On 15.01.2025 16:06, Sergey Kaplun wrote:
> Hi, Sergey!
> Thanks for the review!
> Please consider my answers below.
>
> On 14.01.25, Sergey Bronnikov wrote:
>> Hi, Sergey!
>>
>> Thanks for the patch!
>>
>>
>> On 14.01.2025 14:06, Sergey Kaplun wrote:
>>> From: Mike Pall <mike>
>>>
>>> See the discussion in the corresponding ticket for the rationale.
>>>
>>> (cherry picked from commit de2e1ca9d3d87e74c0c20c1e4ad3c32b31a5875b)
>>>
>>> For the modulo operation, the arm64 VM uses `fmsub` [1] instruction,
>>> which is the fused multiply-add (FMA [2]) operation (more precisely,
>>> multiply-sub). Hence, it may produce different results compared to the
>>> unfused one. This patch fixes the behaviour by using the unfused
>>> instructions by default. However, the new JIT optimization flag (fma) is
>>> introduced to make it possible to take advantage of the FMA
>>> optimizations.
>>>
>>> Sergey Kaplun:
>>> * added the description and the test for the problem
>>>
>>> [1]:https://developer.arm.com/documentation/dui0801/g/A64-Floating-point-Instructions/FMSUB
>>> [2]:https://en.wikipedia.org/wiki/Multiply%E2%80%93accumulate_operation
>>>
>>> Part of tarantool/tarantool#10709
>>> ---
> <snipped>
>
>>> diff --git a/test/tarantool-tests/lj-918-fma-numerical-accuracy-jit.test.lua b/test/tarantool-tests/lj-918-fma-numerical-accuracy-jit.test.lua
>>> new file mode 100644
>>> index 00000000..55ec7b98
>>> --- /dev/null
>>> +++ b/test/tarantool-tests/lj-918-fma-numerical-accuracy-jit.test.lua
>>> @@ -0,0 +1,36 @@
>>> +local tap = require('tap')
>>> +
>>> +-- Test file to demonstrate consistent behaviour for JIT and the
>>> +-- VM regarding FMA optimization (disabled by default).

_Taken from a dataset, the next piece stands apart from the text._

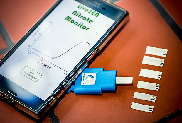 Den neuen Sensor können die Landwirte nach Angaben der Bochumer Universität selbst direkt auf dem Feld einsetzen. Das mit aufgedruckten Einweg-Elektroden versehene Gerät sei nur wenig grösser als ein Centstück. Der Nitratgehalt des Bodens werde in kürzester Zeit aus einem Tropfen Pflanzensaft ermittelt und an das Smartphone des Nutzers geschickt, der so vor Ort den Düngerbedarf seiner Pflanzen feststellen könne.

>>> +-- XXX: The VM behaviour is checked in the
>>> +-- <lj-918-fma-numerical-accuracy.test.lua>.
>>> +-- See also:https://github.com/LuaJIT/LuaJIT/issues/918.
>>> +local test = tap.test('lj-918-fma-numerical-accuracy-jit'):skipcond({
>>> +  ['Test requires JIT enabled'] = not jit.status(),
>>> +})
>>> +
>>> +test:plan(1)
>>> +
>>> +local _2pow52 = 2 ^ 52
>>> +
>>> +-- IEEE754 components to double:
>>> +-- sign * (2 ^ (exp - 1023)) * (mantissa / _2pow52 + normal).
>>> +local a = 1 * (2 ^ (1083 - 1023)) * (4080546448249347 / _2pow52 + 1)
>>> +assert(a == 2197541395358679800)
>>> +
>>> +local b = -1 * (2 ^ (1052 - 1023)) * (3927497732209973 / _2pow52 + 1)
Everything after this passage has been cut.